School Choice in Canada: Lessons for America

November 18, 2010

In Canada, the province of Alberta has long encouraged school choice.  Historically, Alberta has had two school systems between which parents may choose: the "public" system and a "separate" system.  Other Alberta choices include charter, private and French-language schools.  Homeschooling is encouraged and supported by the provincial government, and "blended" programs are available where children can take some courses at home and others at school.  This large variety of educational choice has led to positive results.

  • In 2006, the Programme for International Student Assessment (PISA) placed Alberta's students second in the world (up from fourth) in science (the focus subject for the 2006 tests).
  • Alberta was also the only province whose overall science score, as well as each individual test score, was significantly higher than the Canadian average.
  • In the two minor areas of study tested that year, reading and math, Alberta tied for third and fifth in the world, respectively.
  • Immigrant children have scored equal to or better than native children -- a result that within Canada occurred only in Alberta and was a unique result for PISA.

The relevant lesson for American policymakers is that widespread educational choice has kept public schools more accountable, encouraged competition in the delivery of quality education, and entrenched a culture and expectation of school choice in Alberta.

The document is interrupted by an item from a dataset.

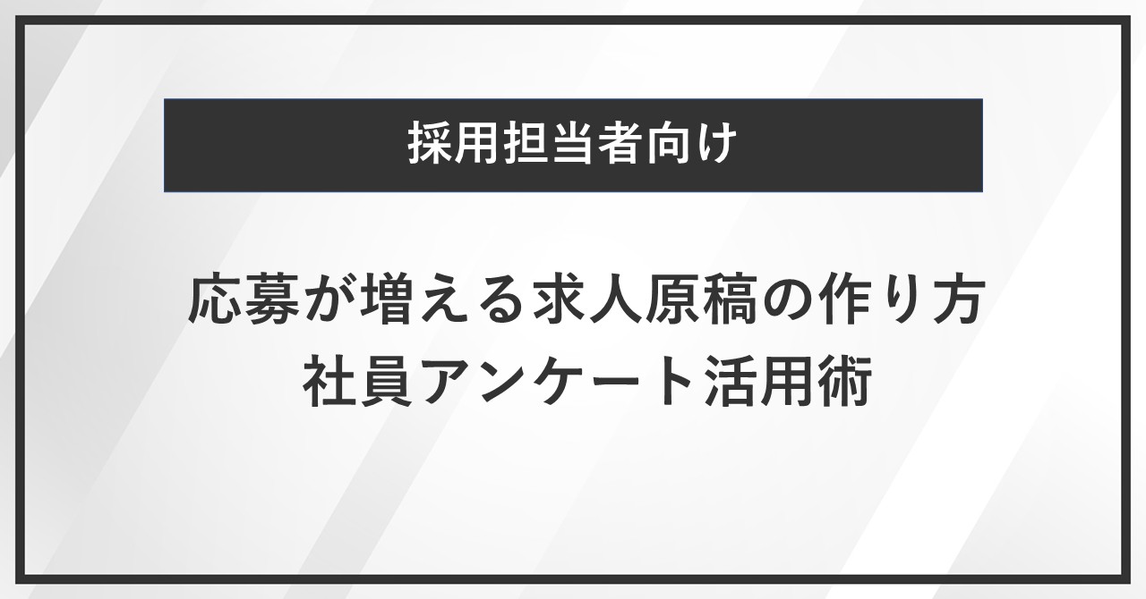 - 応募が増える求人原稿の作り方|社員アンケート活用術【採用担当者向け】

Because of constitutional and other differences between the United States and Canada, several of Alberta's choice-based options would not translate into the context of American states.  But the key aspect of Alberta's school system that can be copied anywhere is the climate of choice that the province has long encouraged.  American policymakers should consider:

  • Legislation that allows schools and school boards to create alternative education programs that emphasize a particular subject matter -- for example, some public schools that specialize in music, others in art.
  • Explicit legislative support for a wide variety of schooling options.
  • "Opt-out" provisions that allow parents to choose what subject matter their children will be exposed to when a question of conscience arises.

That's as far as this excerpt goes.